Is Law School Worth It?
Law school is worth it only when the debt you take on is structurally supported by a realistic earnings path and a career you can actually tolerate for long enough to realize the payoff. If you can get into (or credibly compete for) outcomes with high placement into Big Law, strong federal clerkships, or well-funded public interest via LRAP/PSLF, and you can keep borrowing moderate through scholarships or in-state tuition, the ROI can pencil out. If your plan relies on being “top 10%” at a school with weak placement, on vague interest in “business law,” or on borrowing close to full cost without a clear repayment backstop, it usually isn’t. Run three quick checks: your all-in cost of attendance, your likely debt at graduation, and your median first-year salary outcome for your target schools (not the national average). Then stress-test repayment on a standard 10-year plan and on income-driven repayment, and ask whether you’d still choose the work if the higher-paying outcomes don’t materialize.
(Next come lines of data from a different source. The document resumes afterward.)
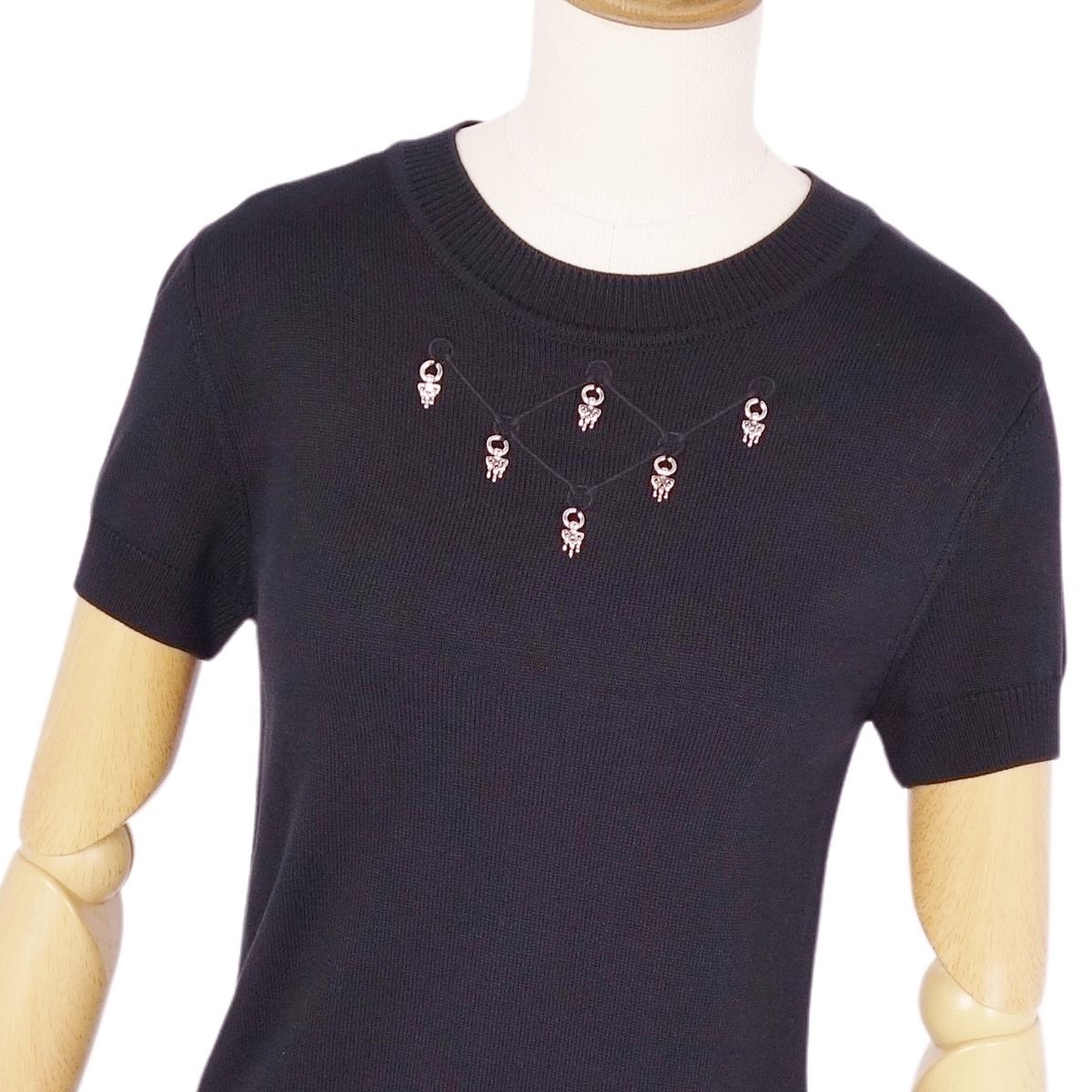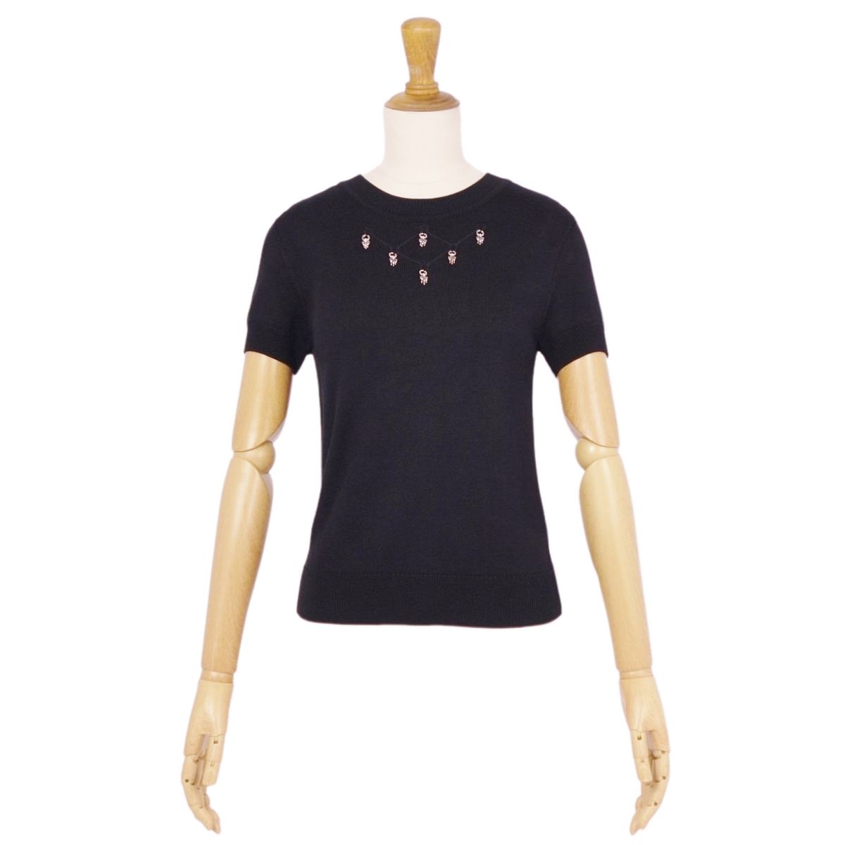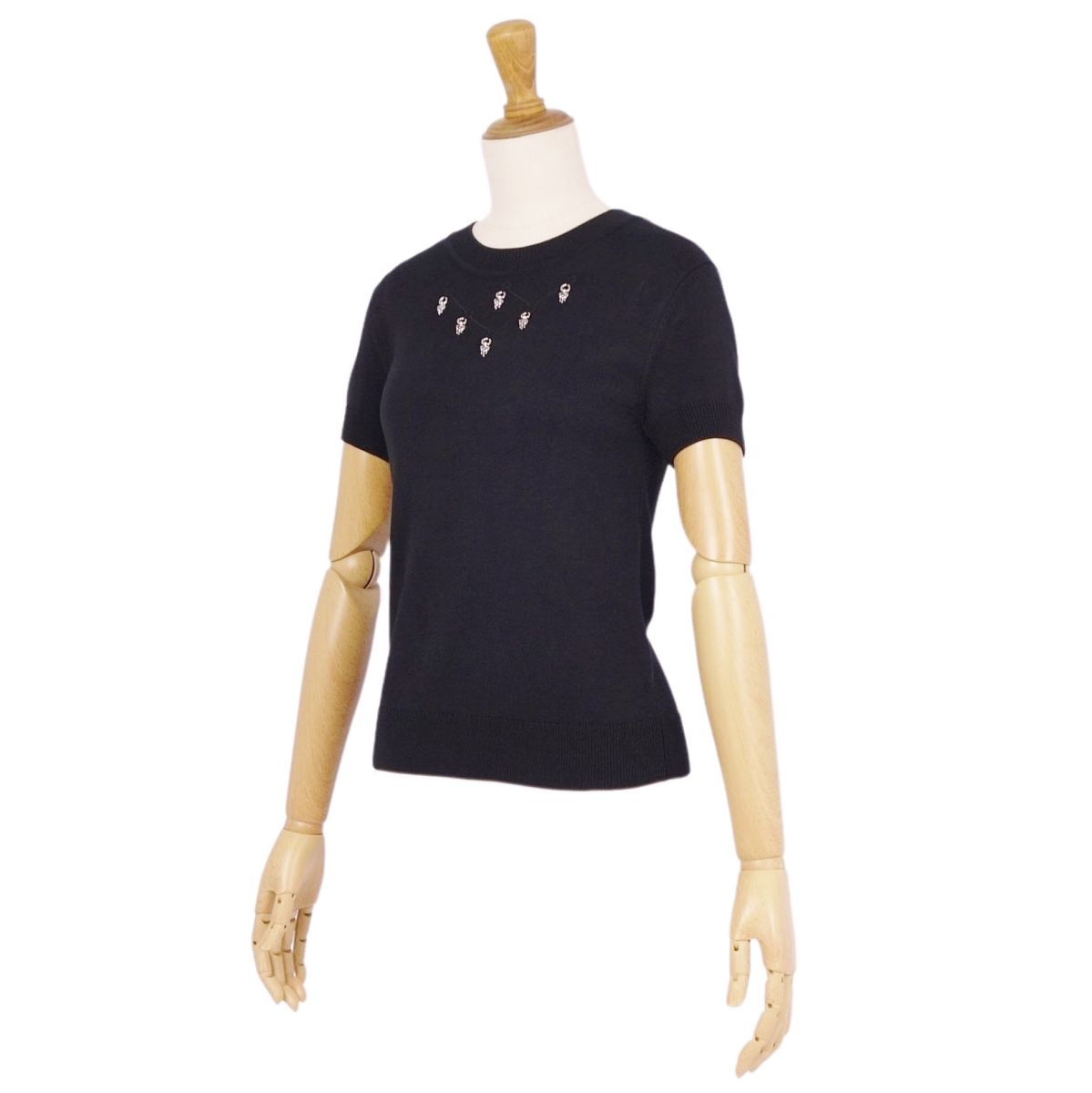 エルメス HERMES ニット セーター 22SS 半袖 ショートスリーブ チャーム シルク トップス レディース ブラック サイズ34(S相当)
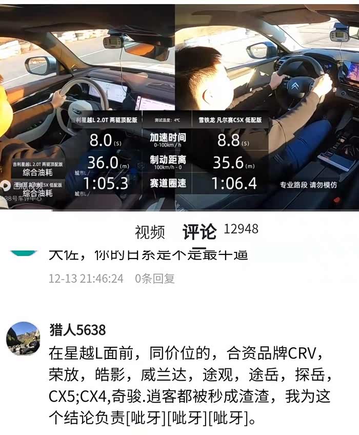 从空间舒适性还是星越L的加速成绩或者是刹车制动距离等等来看,都打到了我的心坎上,何况还有这么多广大车友们的评论作为佐证!
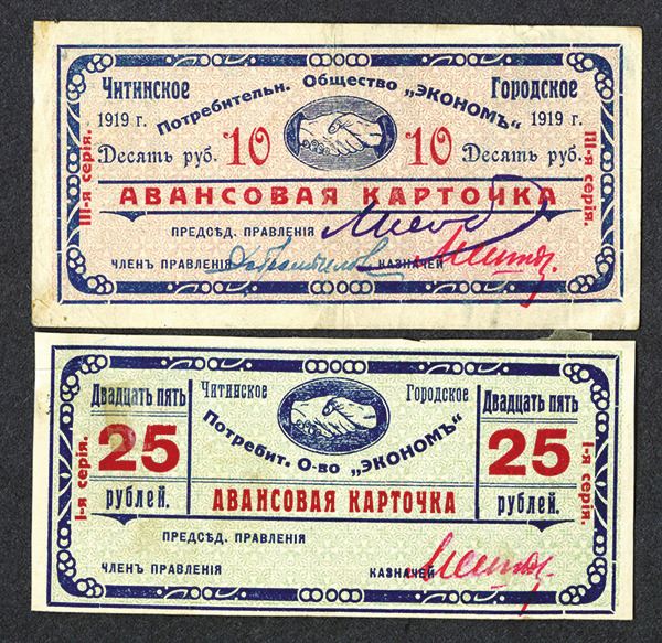 Chita, Russia, Lot of 2 notes, Includes 10 Rubles, Issued, AU and 25 Rubles, partially issued, and Uncirculated with stamp hinge remnants from mounting, Black on light orange or light green with hands shaking in middle, Attractive scrip notes. (The Pogrebetsky Family Archives)
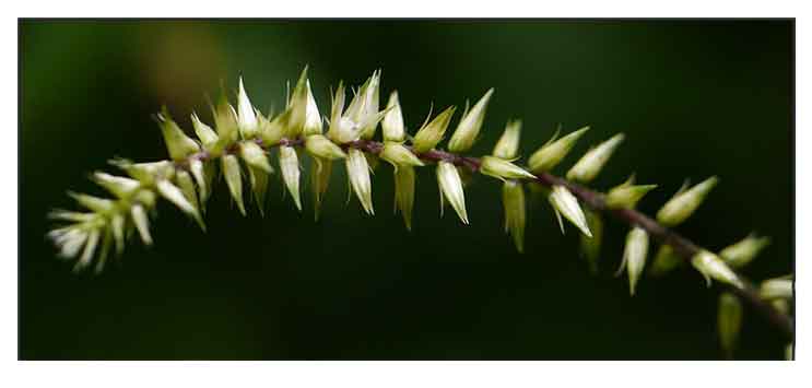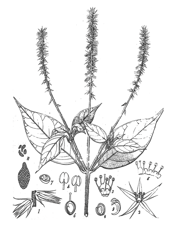 • Achyranthes bidentata is a perennial herb, 40-170 cm tall, stem quadrangular, furrowed, rather flaccid, thinly to densely pubescent, often purple in upper part. Leaves elliptical-oblong, lanceolate or ovate, 5-20 cm × 2-8 cm, base attenuate, apex mostly long acuminate, sparsely to densely velvety tomentose on both sides, petiole 0.5-3.5 cm long. Spike terminal and axillary in the upper leaf axils, 4-45 cm long, including 1-15 cm long peduncle, more or less whitish-tomentose, bract ovate-oblong, 3-3.5 mm long, apex acuminate, not pungent, margin ciliate, bracteoles spinescent, as long as perianth, 3.5-5.5 mm long, apex often recurved, basal wing inserted on lower part of spine. Tepals membranaceous, veins absent, acute, 4.5-7 mm long, not pungent in fruit, pseudo-staminodes truncate, dentate. Utricle oblong, 2-2.5 mm long. (1)

The more useful question isn’t “Is law school worth it?” but “What is the downside if the median outcome happens, and can I live with that downside?” Treat this as a portfolio decision: school choice, scholarship, geography, practice area, and your risk tolerance are linked variables. Candidates who fare best decide backward from constraints, not aspirations: they set a maximum monthly payment they’re willing to carry, a minimum acceptable job type, and a maximum number of years they’ll stay if the work is a grind. If the numbers work only under a best-case placement scenario, you’re not evaluating law school, you’re buying an option with a high premium. The higher-leverage move is to engineer the deal terms (school, cost, and placement) so the median outcome is still acceptable.